Library Combi.HookFormula.Frobenius_ident

Combi.hook.Frobenius_ident : Frobenius identity

A proof of Frobenius identity:

The goal of this file is to prove the following identities:
Frobenius_ident n :
    n`! = \sum_(p : 'P_n) (n`! %/ (hook_length_prod p))^2.
and
Theorem Frobenius_ident_rat n :
    1 / (n`!)%:Q = \sum_(p : 'P_n) 1 / (hook_length_prod p)%:Q ^+ 2.

Require Import mathcomp.ssreflect.ssreflect.
From mathcomp Require Import ssrfun ssrbool eqtype choice ssrnat seq
        ssrint div rat fintype finset bigop path ssralg ssrnum order.

Set Implicit Arguments.

Require Import ordtype partition tableau Schensted std stdtab hook.

Section Identity.

Variable n : nat.

#[local] Notation stpn := (stdtabn n * stdtabn n)%type.
Lemma card_stpn_shape :
  #|[set p : stpn | shape p.1 == shape p.2]| =
    \sum_(sh : 'P_n) #|{:stdtabsh sh}|^2.

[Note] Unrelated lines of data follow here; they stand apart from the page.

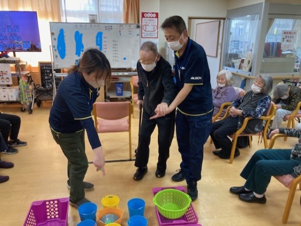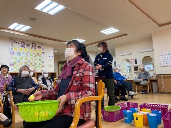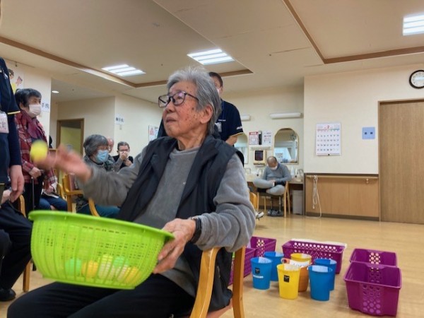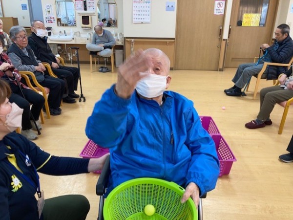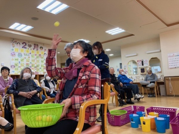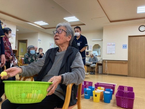 盛り上がりレク! 後ろ向き玉入れやりました!!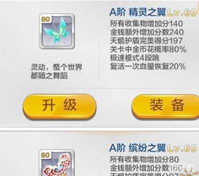 精灵之翼活脱脱就是我们想象中的精灵所拥有的翅膀,绿色而泛着微微光芒的造型,给人一种置身如梦境中翩翩起舞的感觉。属型方面也是非常梦幻的,除了满级那超长的磁铁效果,收集物加分和金钱额外加分也是不错的刷分属型,虽然比不上战斗之翼那种刷分大杀器,但是有着复活回复30%如同保险一般的保命技能,手残党也有福音了。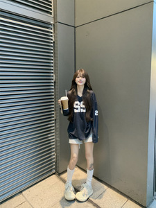 kumikumi美式辣妹复古印花V领长袖T恤女秋季宽松显瘦百搭减龄上衣
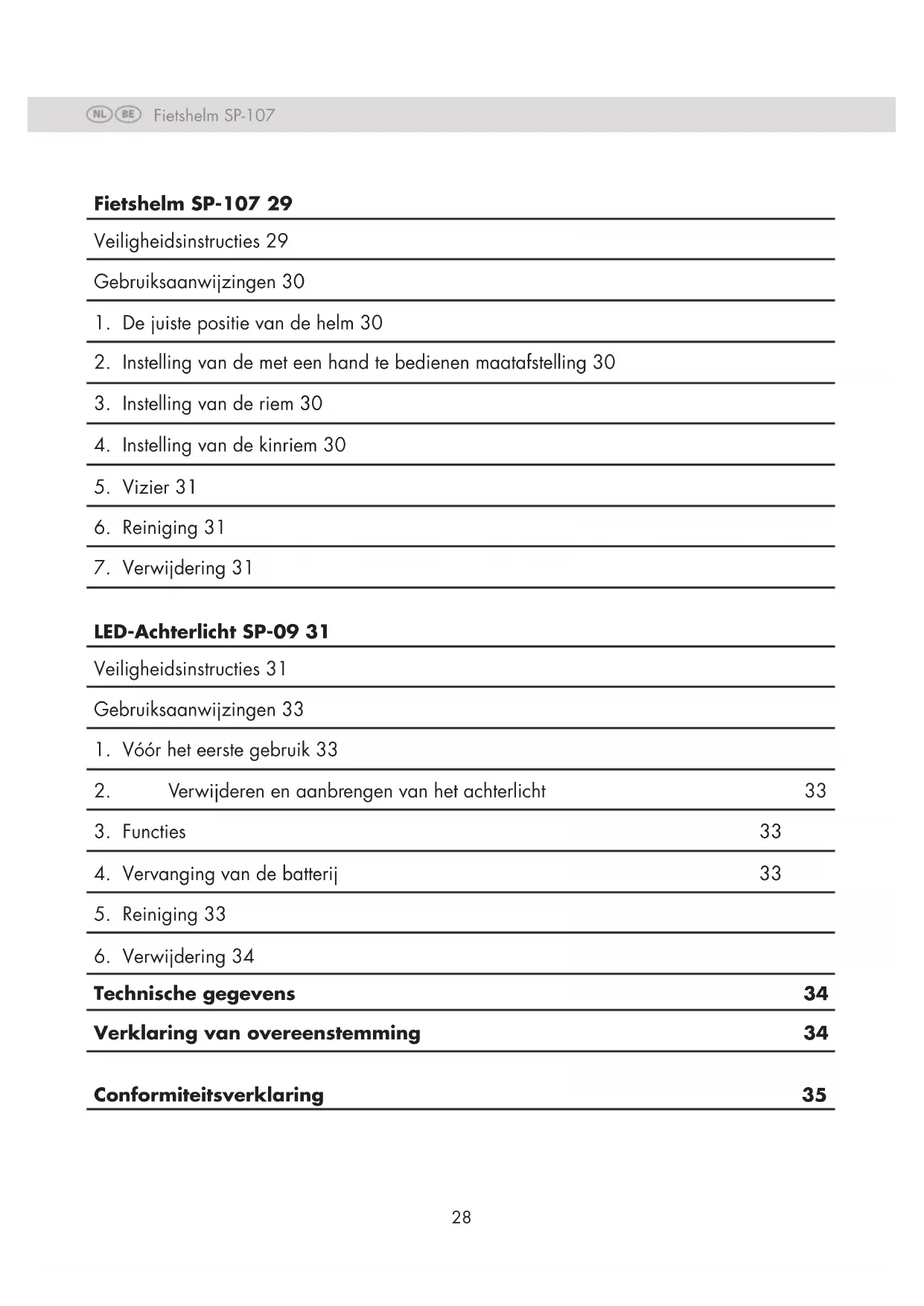 LED-Achterlicht SP-09 31 Veiligheidsinstructies 31 Gebruiksaanwijzingen 33

Lemma card_stpn_shape_hook :
  #|[set p : stpn | shape p.1 == shape p.2]| =
    \sum_(sh : 'P_n) (n`! %/ (hook_length_prod sh))^2.

Theorem Frobenius_ident :
  n`! = \sum_(p : 'P_n) (n`! %/ (hook_length_prod p))^2.

#[local] Open Scope ring_scope.

Import GRing.Theory.
Import Num.Theory.

Theorem Frobenius_ident_rat :
  1 / (n`!)%:Q = \sum_(p : 'P_n) 1 / (hook_length_prod p)%:Q ^+ 2.

End Identity.